- **WORK INSTRUCTION**: For this exercise, transcribe every line of the material exactly and skip the pictures.

- **RECORDED INFORMATION**:
────────────────

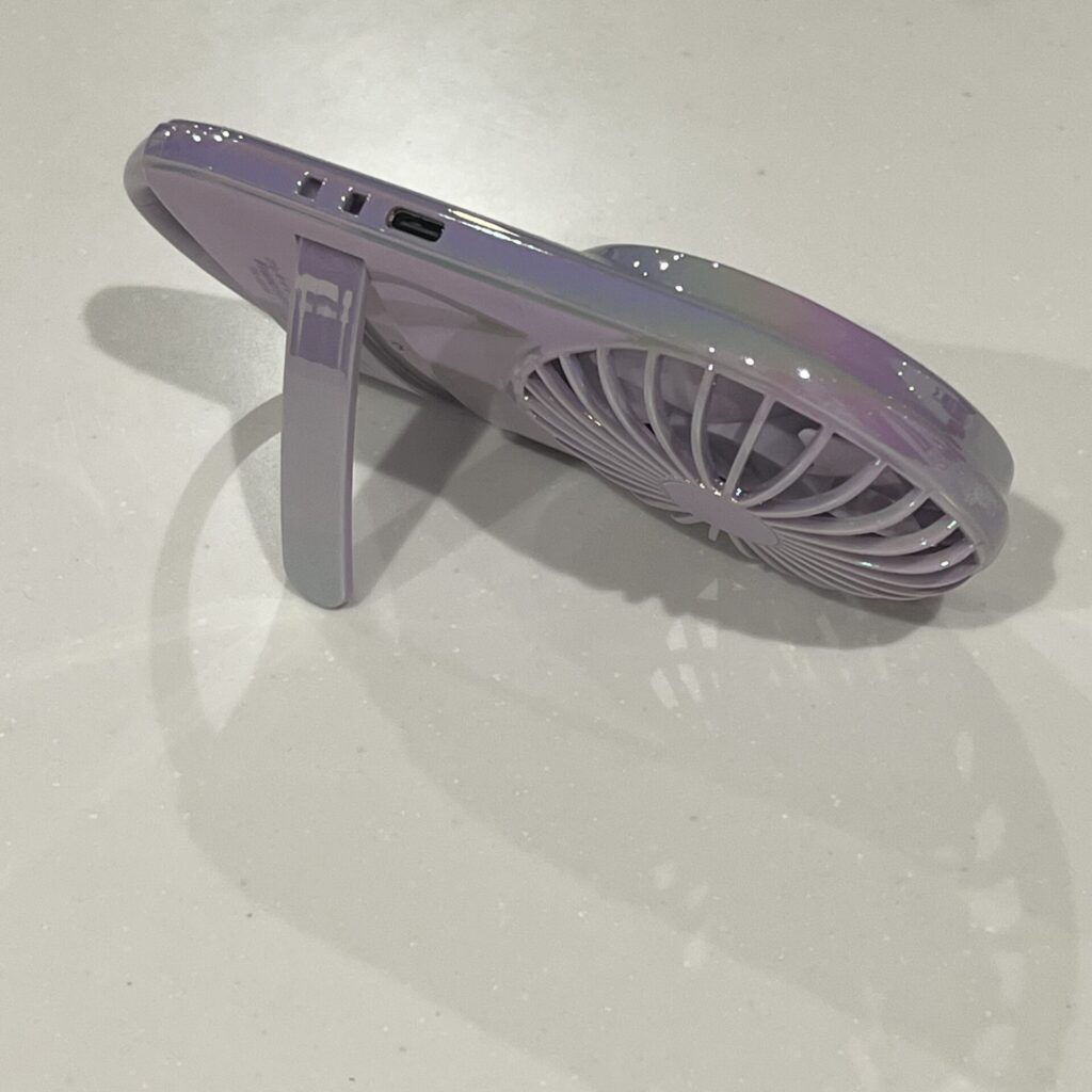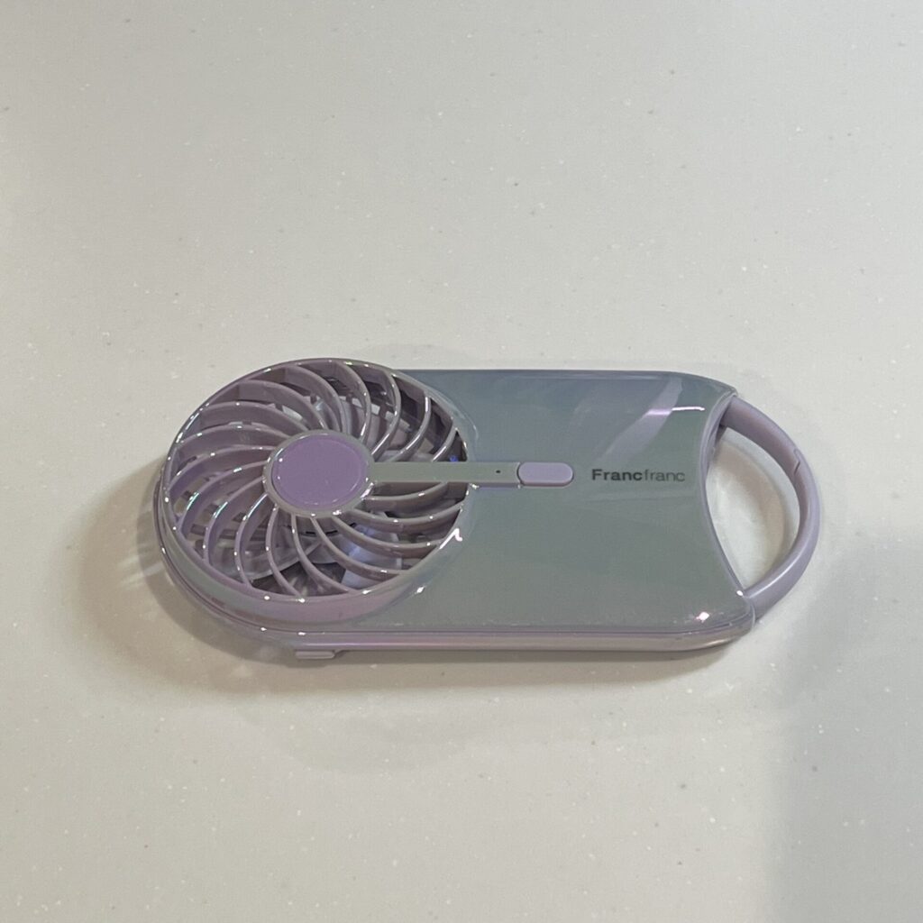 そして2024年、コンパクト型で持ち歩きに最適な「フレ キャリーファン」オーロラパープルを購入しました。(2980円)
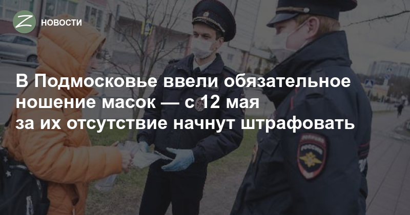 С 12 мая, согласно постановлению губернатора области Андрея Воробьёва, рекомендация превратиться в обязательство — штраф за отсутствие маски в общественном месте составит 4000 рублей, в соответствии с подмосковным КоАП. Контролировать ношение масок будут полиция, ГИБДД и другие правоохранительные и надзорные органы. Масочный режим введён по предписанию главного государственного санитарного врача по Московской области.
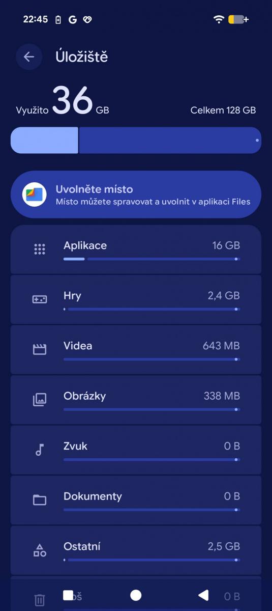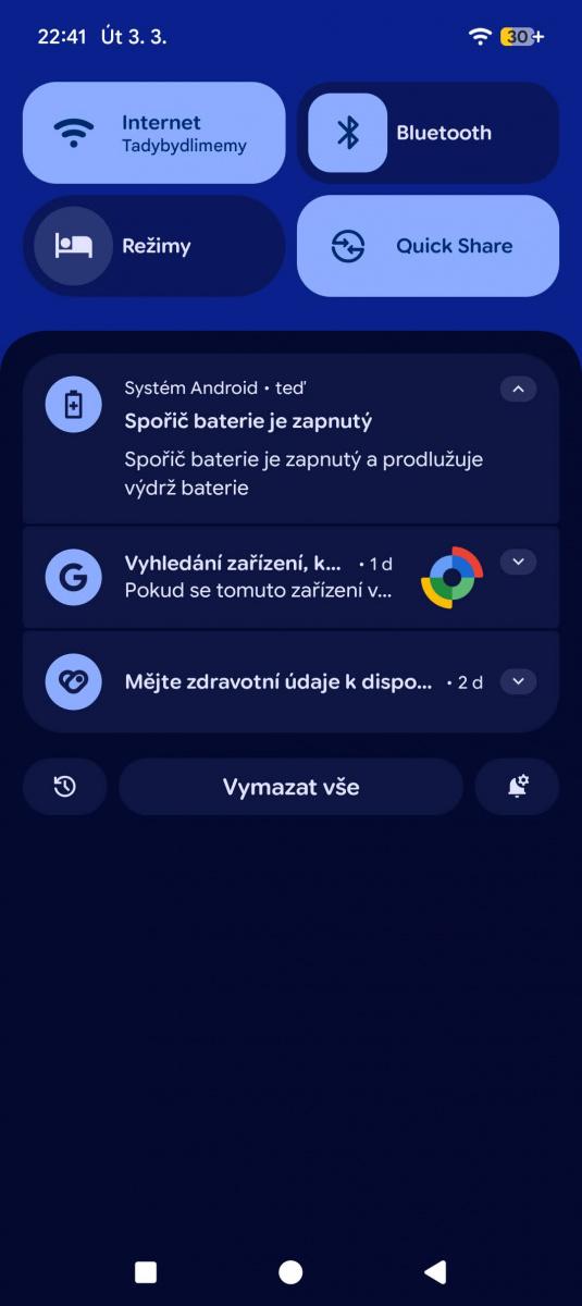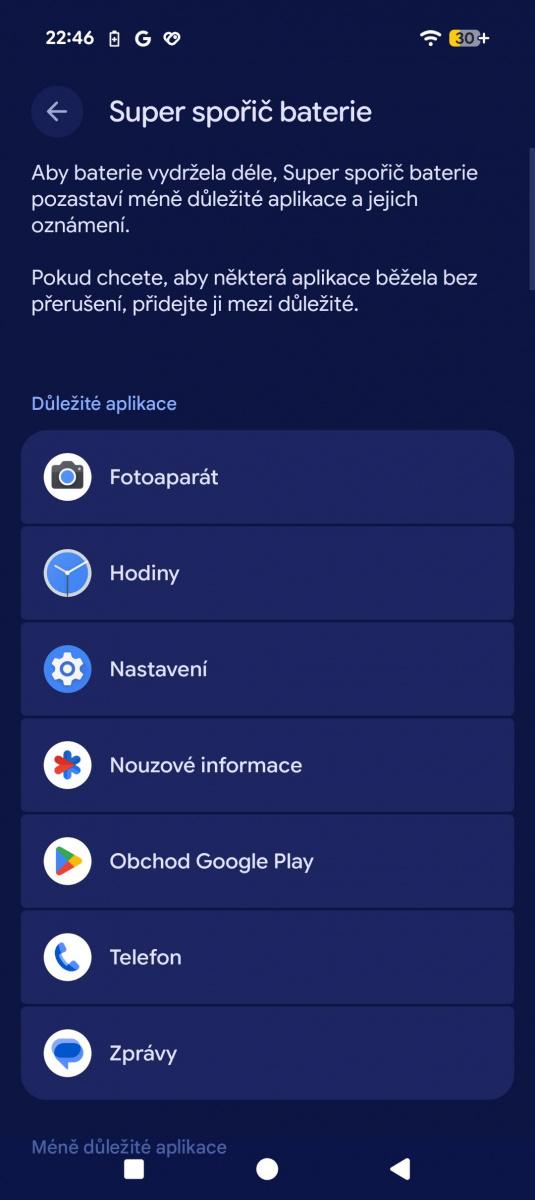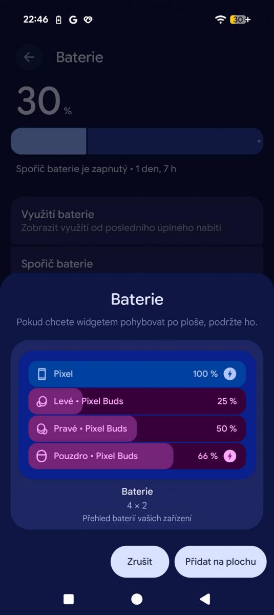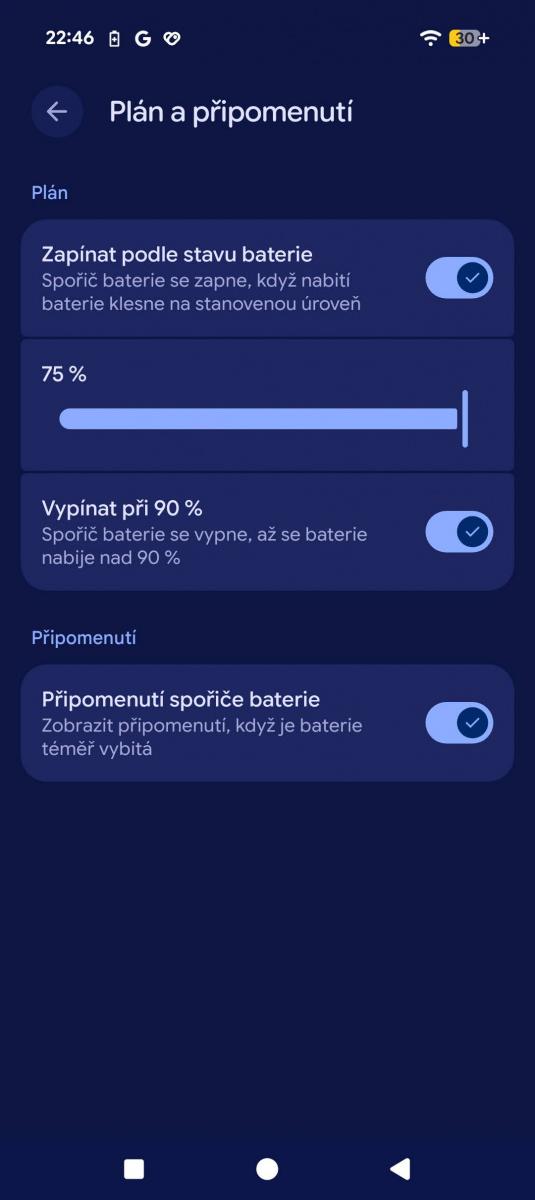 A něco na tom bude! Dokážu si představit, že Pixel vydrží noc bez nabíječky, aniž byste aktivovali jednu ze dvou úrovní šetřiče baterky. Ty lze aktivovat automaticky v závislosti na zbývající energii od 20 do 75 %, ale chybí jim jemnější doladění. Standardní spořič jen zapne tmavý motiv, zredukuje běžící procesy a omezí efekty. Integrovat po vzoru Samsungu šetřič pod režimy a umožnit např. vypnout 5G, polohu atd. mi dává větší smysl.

────────────────

- **TASK RESPONSE**:
 そして2024年、コンパクト型で持ち歩きに最適な「フレ キャリーファン」オーロラパープルを購入しました。(2980円)
 С 12 мая, согласно постановлению губернатора области Андрея Воробьёва, рекомендация превратиться в обязательство — штраф за отсутствие маски в общественном месте составит 4000 рублей, в соответствии с подмосковным КоАП. Контролировать ношение масок будут полиция, ГИБДД и другие правоохранительные и надзорные органы. Масочный режим введён по предписанию главного государственного санитарного врача по Московской области.
 A něco na tom bude! Dokážu si představit, že Pixel vydrží noc bez nabíječky, aniž byste aktivovali jednu ze dvou úrovní šetřiče baterky. Ty lze aktivovat automaticky v závislosti na zbývající energii od 20 do 75 %, ale chybí jim jemnější doladění. Standardní spořič jen zapne tmavý motiv, zredukuje běžící procesy a omezí efekty. Integrovat po vzoru Samsungu šetřič pod režimy a umožnit např. vypnout 5G, polohu atd. mi dává větší smysl.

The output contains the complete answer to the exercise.